ASSIGNED TASK:
When you copy the material below, keep every line exact and leave each picture out.

DATASET SECTION:
Start of Block

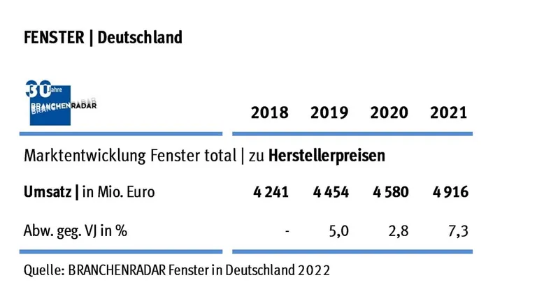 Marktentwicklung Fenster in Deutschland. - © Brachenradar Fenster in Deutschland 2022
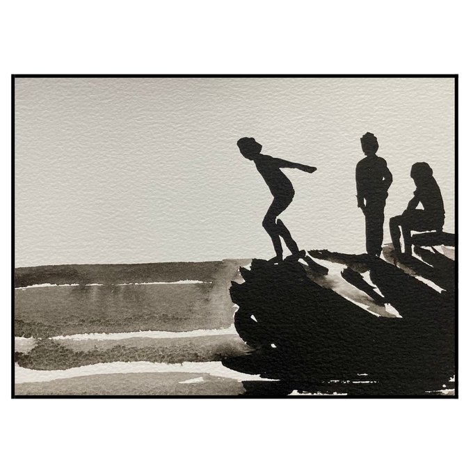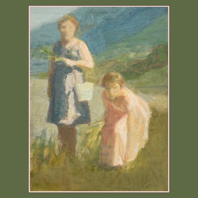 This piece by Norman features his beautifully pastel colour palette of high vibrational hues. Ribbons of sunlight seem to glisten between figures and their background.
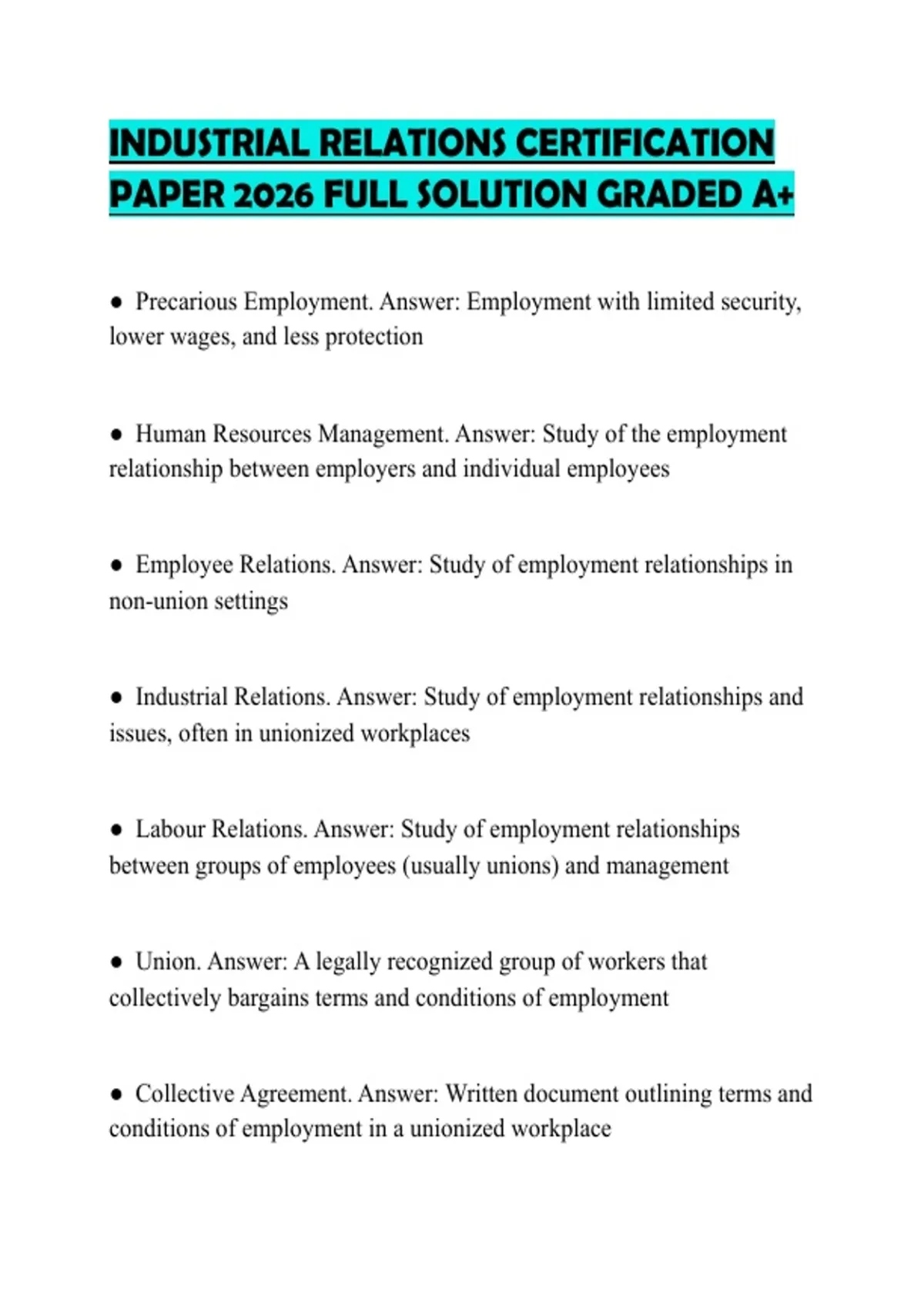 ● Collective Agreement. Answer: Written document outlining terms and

End of Block

YOUR RESPONSE:
 Marktentwicklung Fenster in Deutschland. - © Brachenradar Fenster in Deutschland 2022
 This piece by Norman features his beautifully pastel colour palette of high vibrational hues. Ribbons of sunlight seem to glisten between figures and their background.
 ● Collective Agreement. Answer: Written document outlining terms and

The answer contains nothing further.